Dive Brief:
- The clock ticks: Congress has only a few weeks to consider legislation to extend the controversial pediatric priority review voucher (PRV) program, or it would expire before Oct. 1 after four years. The vouchers are given to companies to speed the review of pediatric rare disease drugs, but can be sold to other companies and used to decrease the review time for any drug.
- It comes as Sarepta contemplates selling the voucher it was awarded to get more money for commercialization of its recently approved Duchenne muscular dystrophy drug Exondys 51 (eteplirsen). Ending the program could possibly increase the demand for Sarepta's PRV.
- The Food and Drug Administration, which runs the program, opposes its continuation as being ineffective since many of the vouchers are sold and not used for pediatric rare disease drugs as intended. Meanwhile, advocates say it delivers on promises by hastening reviews for needed medicines in rare pediatric treatments.
Dive Insight:
Whether the program continues remains to be seen. Against the backdrop of possible political stagnation, millions of dollars are at stake for drugmakers as well as the speed of some medications going to market. While only less than a dozen drugmakers have held the vouchers, the pot of funds could grow for those who already have been awarded the vouchers if there are fewer companies to share it with, like a lottery winner, especially if the legislation dies.

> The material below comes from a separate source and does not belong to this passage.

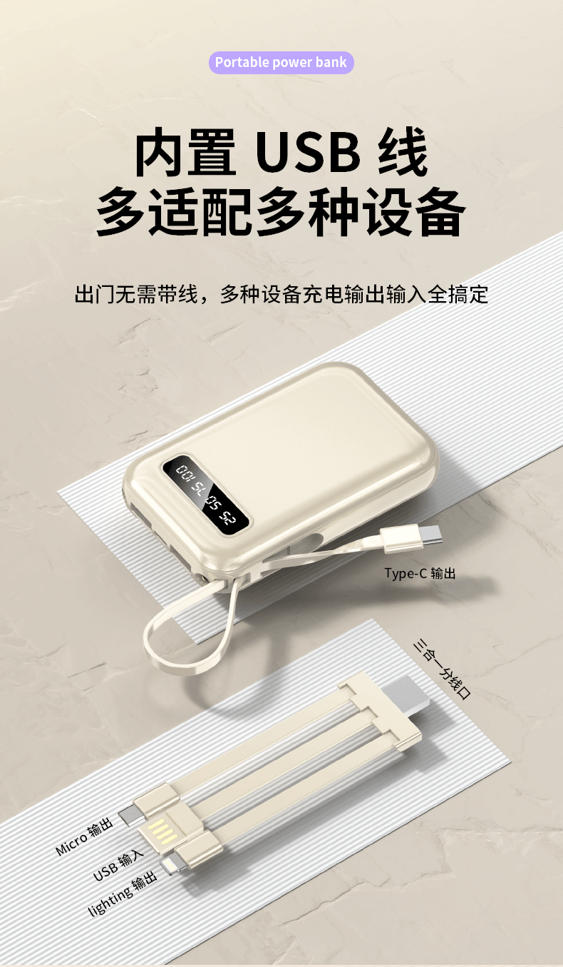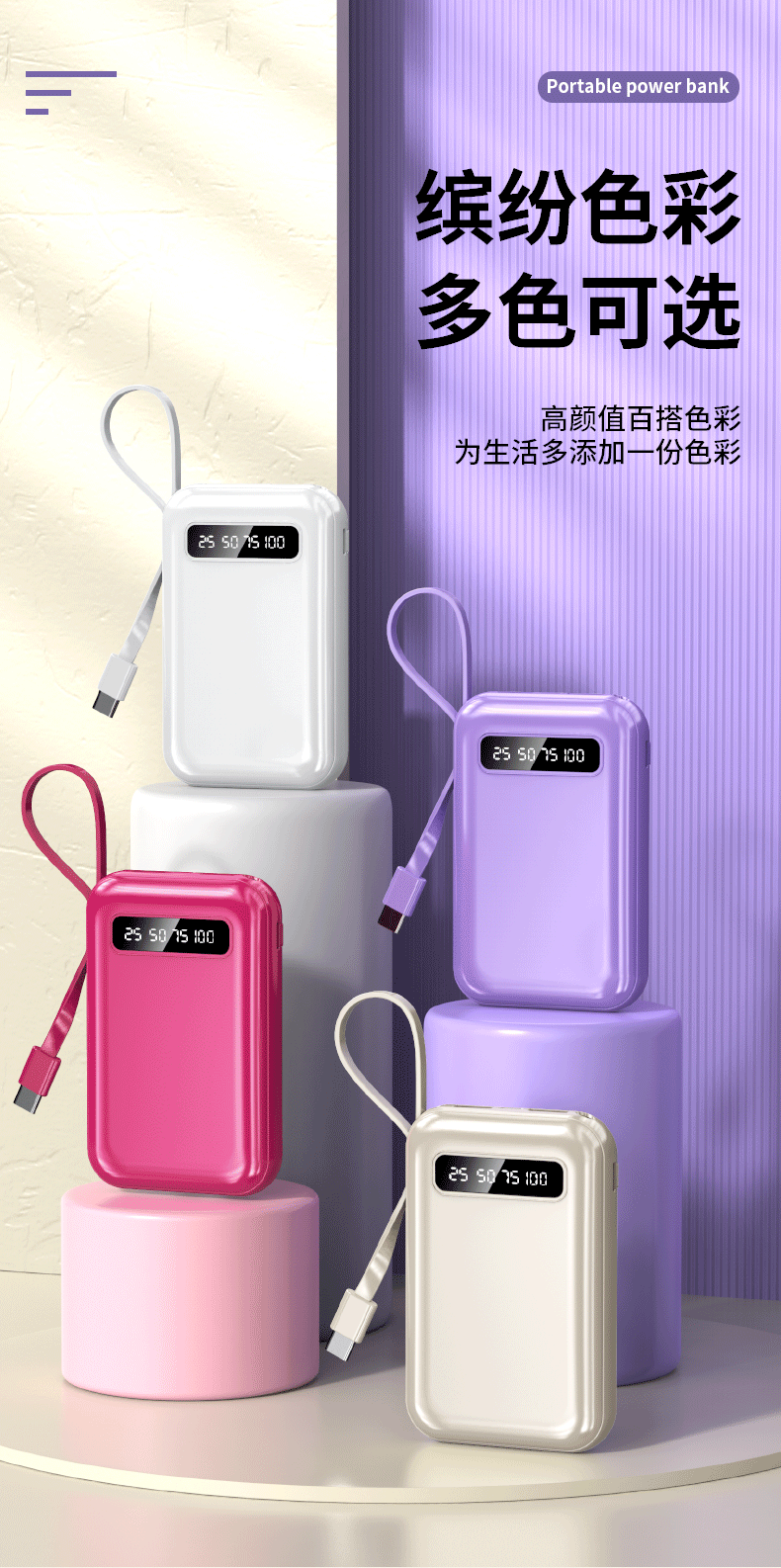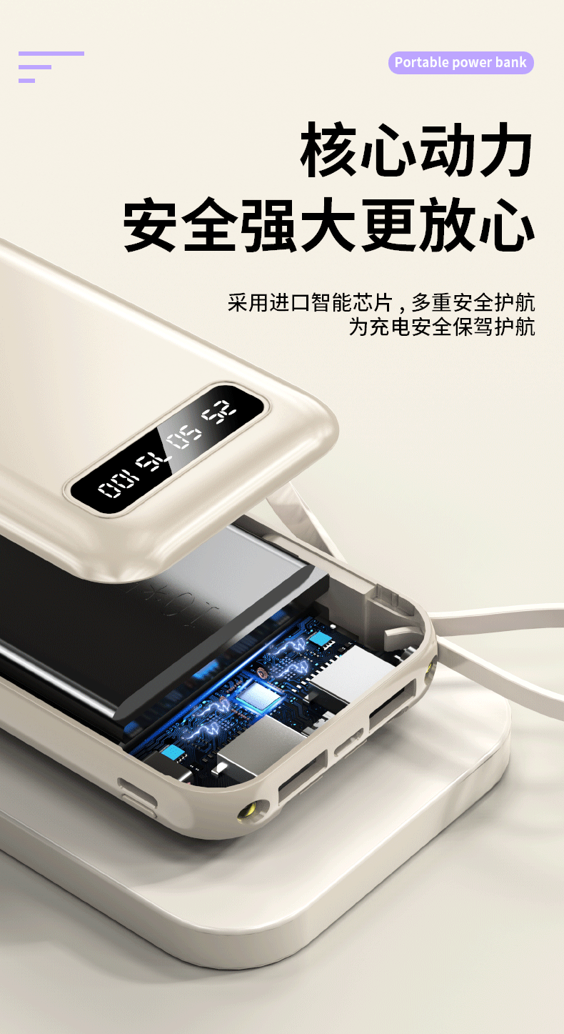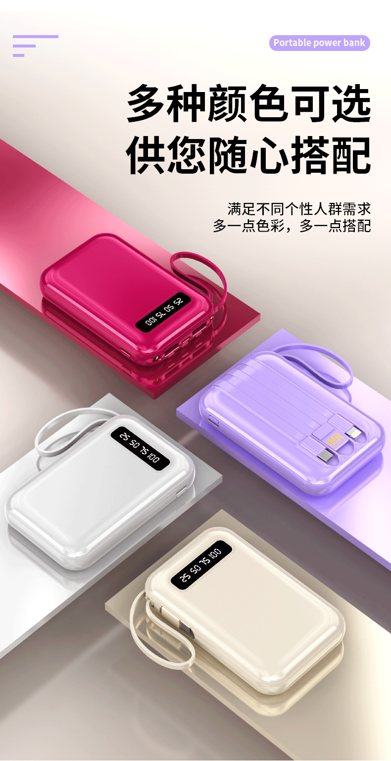 小巧迷你大容量20000毫安充电宝自带线便携手机移动电源礼品logo

The price, the FDA has said in an overview of the program, "will depend on supply and demand."
Sarepta Therapeutics is one company that may be sitting on a potentially lucrative sale of the PRV after it won the award from the FDA last week, at the same time it received conditional approval for its long-sought DMD drug. It was the first company given the go-ahead by the FDA to treat the disease.
Sarepta Chief Financial Officer Sandy Mahatme said the company is considering selling the PRV to assist with financing of Exondys 51 and clinical development. Unloading the voucher would be no surprise because drug companies are seeing great returns by doing so. As of Dec. 31, 2015, there were 11 requests for the PRV, with six awarded, and four were sold to others at prices ranging from $67.5 million to $350 million, according to a General Accountability Office (GAO) report on the program.
In the meantime, there are the political issues that may eventually determine the fate of the program itself.
Previously, Congress extended the PRV until this fall, and if it does not review the program, then the FDA will stop awarding the vouchers. In a report, the FDA observed, "Members of Congress seem to like the voucher program (although also seeing scope for improvement), as evidenced by votes to extend the program to additional diseases, which suggests that Congress will probably renew the program."
Whether Congress supports the position of Casey and other PRV advocates is unknown thus far. It is possible the program could be included in other legislation, although no steps have been made to do that.